• **Work to complete**
Pictures in the entries below are to be left out; otherwise, reproduce exactly the lines from the first through the line containing "户型特点:边套户型,3开间朝".

Stored dataset items
——

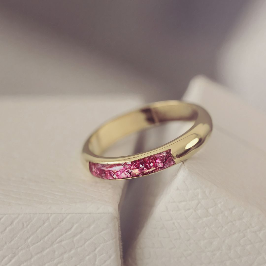A beautiful 9ct Solid Gold ring, lovingly crafted to hold the Cremation Ashes of your loved one. A section of the band is delicately inlaid with our signature floating ashes, coloured in the shade of your choice.
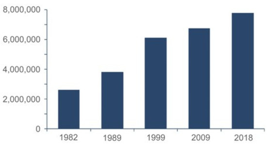 In Catalonia there are more than 7.7 million pigs (piglets, pigs for fattening and for breeding) and in 36 years (1982–2018) the number of pigs has almost tripled (298%) (Figure 1). Catalonia is one of the countries with the highest density of pigs, with 242.27/km2, surpassed only by the Netherlands, with 290.54/km2, and Denmark, with 294.91/km2.
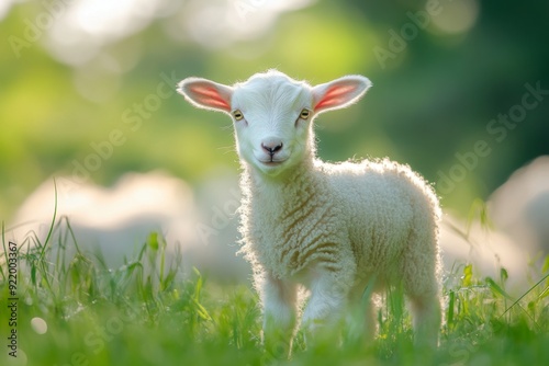 © Snowstudio, Obraz premium Cute lamb in the meadow
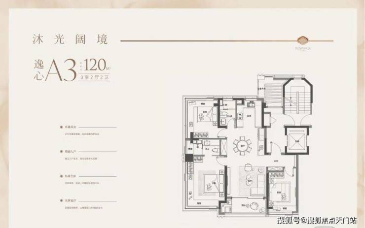 户型特点:边套户型,3开间朝南,方正格局.客餐厅一体化设计,餐厅空间宽敞,客厅进深较短但可通过与阳台连通优化空间感.全屋飘窗设计,边套南北卧室为270°转角飘窗,采光充足.独立电梯厅约7-8㎡,可改造为玄关或收纳空间.
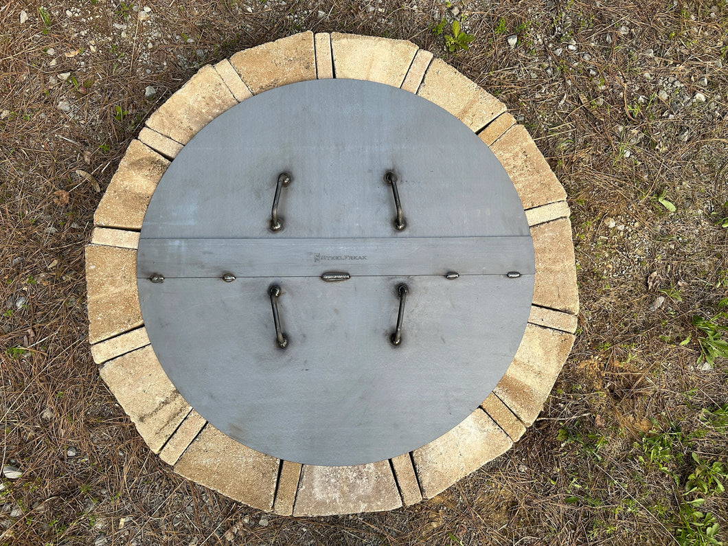Please note these covers are made from raw, uncoated steel. Rusting of an uncoated raw steel fire pit cover is both inevitable and expected. This will not significantly affect the longevity of our covers as they are built from thick, heavy duty steel and designed to be left exposed to the elements. If left uncoated, the entire cover will develop a rust patina. Please also be sure to fully extinguish the fire before placing the lid on the fire pit as excess heat can cause the lid to warp.
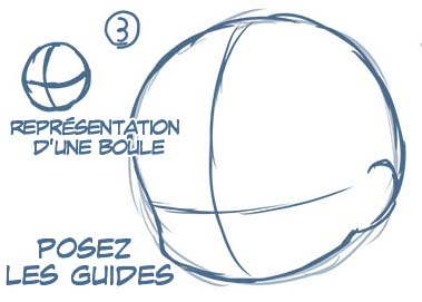 Comme mentionné précédemment, afin de garder une impression de « sphère », il ne faut pas tracer les bases droites, mais courbées, en particulier pour les dessins de visages vu à 45 degrés. Je pense que pour vous aider, vous pouvez imaginer un globe terrestre avec ses lignes longitudinales et latitudinales. Étant donné que les yeux d’un mini-personnage recouvrent une grande partie du visage, il faut tracer le repère horizontal légèrement vers le bas.
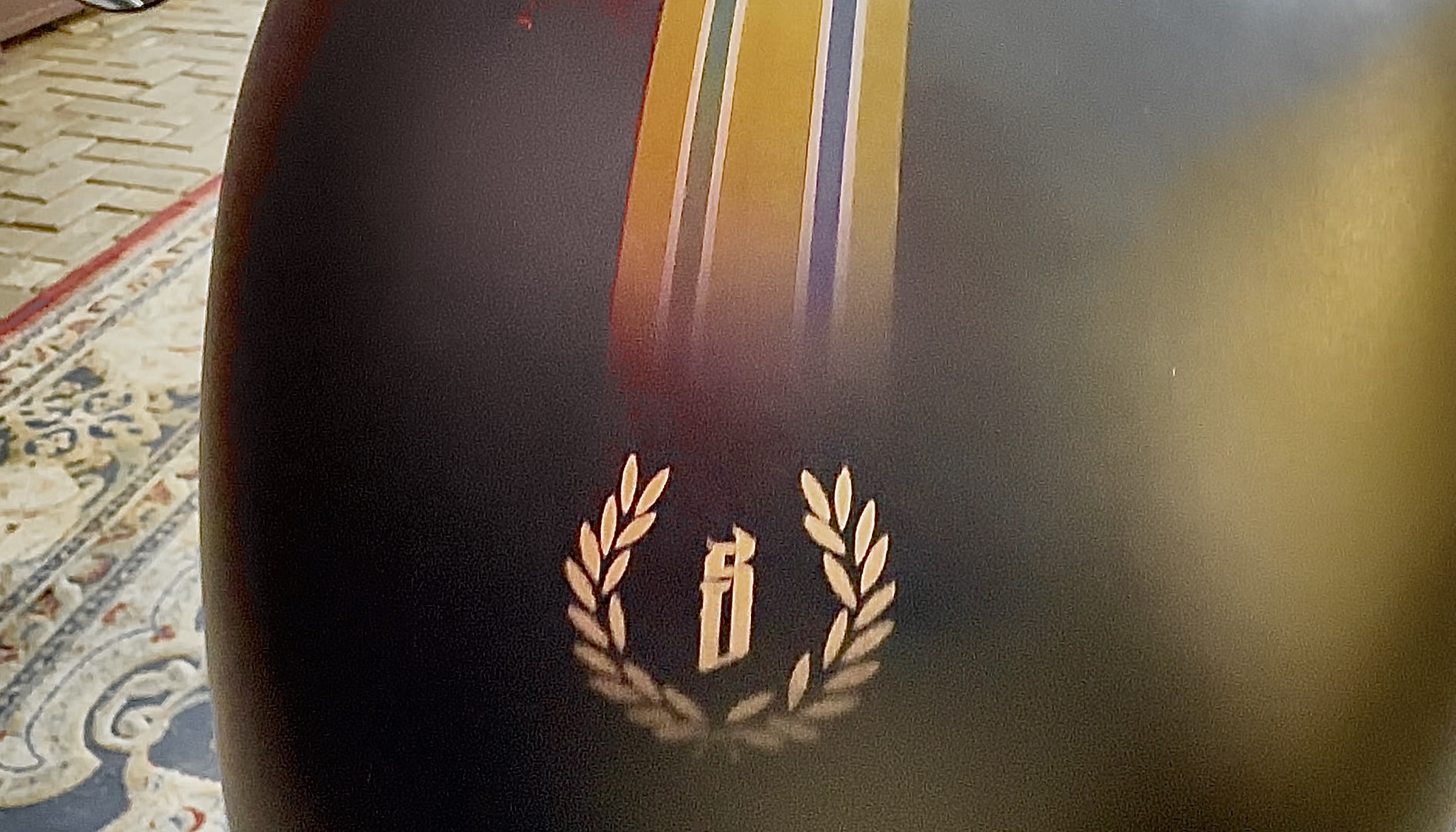 The hand-painted scale motif, the sharp crease of the tank, the reimagined tail section — all convey motion, even at standstill. On the tank, the silhouette of Brazil emerges with quiet force, a tribute to Ayrton Senna, eternal icon of daring and originality.
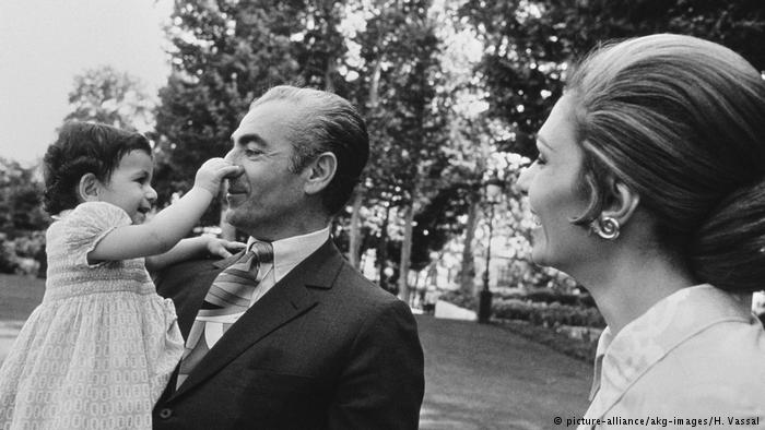لیلا پهلوی یک ساله با دماغ پدرش بازی میکند. این عکس در ماه مه سال ۱۹۷۱ در محوطه کاخ نیاوران برداشته شده است. "دماغ بزرگ اعلیحضرت" دستمایه مبارزات ضد سلطنتی نیز بود.
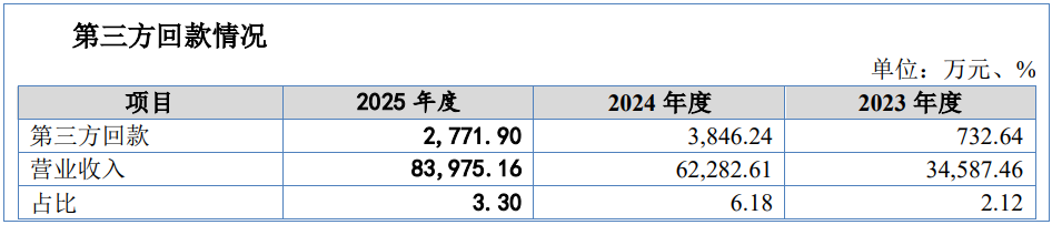 回款方面,公司存在客户的关联方或指定主体代为付款。报告期内,公司第三方回款金额分别为732.64万元、3,846.24万元和2,771.90万元,占营业收入比例分别为2.12% 、6.18%和3.30%。

——

• **Answer for the task**
A beautiful 9ct Solid Gold ring, lovingly crafted to hold the Cremation Ashes of your loved one. A section of the band is delicately inlaid with our signature floating ashes, coloured in the shade of your choice.
 In Catalonia there are more than 7.7 million pigs (piglets, pigs for fattening and for breeding) and in 36 years (1982–2018) the number of pigs has almost tripled (298%) (Figure 1). Catalonia is one of the countries with the highest density of pigs, with 242.27/km2, surpassed only by the Netherlands, with 290.54/km2, and Denmark, with 294.91/km2.
 © Snowstudio, Obraz premium Cute lamb in the meadow
 户型特点:边套户型,3开间朝南,方正格局.客餐厅一体化设计,餐厅空间宽敞,客厅进深较短但可通过与阳台连通优化空间感.全屋飘窗设计,边套南北卧室为270°转角飘窗,采光充足.独立电梯厅约7-8㎡,可改造为玄关或收纳空间.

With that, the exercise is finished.